食べるの意味は深くは聞かない。ていうか聞きたくない。

 

 

「そ、そんな訳無いじゃないですか!…………確かに食べちゃいたいくらいには可愛いですけど…………す、少し勇人さんに構ってもらうだけです!」

 

「…………そ、そう。それじゃあ勇人頑張ってね〜」

 

 

頑張ってねって何をだよ。

 

 

「と、とりあえず私の部屋に行きましょう!」

 

「え、ちょっ…………」

 

 

 

 

 

 

ーーーーーーーーーーーーーーーーーーーーーー

 

 

 

 

 

 

 

「はぁあ…………可愛いですね〜」

 

 

今、ただ鈴仙の膝の上に乗せられひたすら頭を撫でられている。気持ちよくなんかないから…………別に気持ちよくなんか…………

 

 

「こんな見た目なんですから本当の昔の勇人さんは性格も可愛かったんでしょうね」

 

「まさか、ただのクソガキだったと思うぞ」

 

「ええ、そんな訳無いですよ」

 

 

小学校の時から可愛げが無いとか何を考えてるのか分からないとか色々と言われた事があるが可愛いとか言われた事がない。

 

小学校以前は…………んー…………何かあったけ?

 

怪訝な顔をする俺に

 

 

「どうしたんですか?」

 

「いやー、昔の事を思い出そうとしたんだけど…………中々思い出せなくて」

 

「そう時もありますよ。
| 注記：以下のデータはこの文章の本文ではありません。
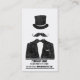 Chauffieren Sie Geschäfts-Karte mit Spitzenhut, Tuxedo, dem Schnurrbart und Bogen-Krawattengraphik. Karte hat ein Schmutzgefühl zu ihr. Völlig kundengerecht, geben Sie zusätzliche Information an zurück der Karte ein. Vervollkommnen Sie für einen Fahrer, einen Limousinenfahrer, einen Taxifahrer oder einen Kurier.

でも、そんな顔したら可愛い顔が台無しですよ!」

 

「うん、その言葉は男に送る言葉じゃない」

 

 

可愛い可愛いとか言ってたら、もう泣くぞ!?

 

 

「ふぁ〜、もう眠い…………」

 

「眠いんですか?なら、私の膝を枕に」

 

「それは…………悪…………いよ」

 

「今日は私に甘えると言う約束ですから、存分に甘えちゃってください」

 

「…………そうする」

 

 

あっという間に意識は深い闇へと落ちた。

 

 

 

 

 

 

 

ーーーーーーーーーーーーーーーーーーーーーー

 

 

〜後日談〜

 

鈴仙はちゃんと約束を果たし、解毒剤を渡してくれて元に戻った。その時に何人か残念がったとか無かったとか。

後、寺子屋は週に2日は休みが取れるように調整したらと提言した結果、週2日の休みを手にする事ができた。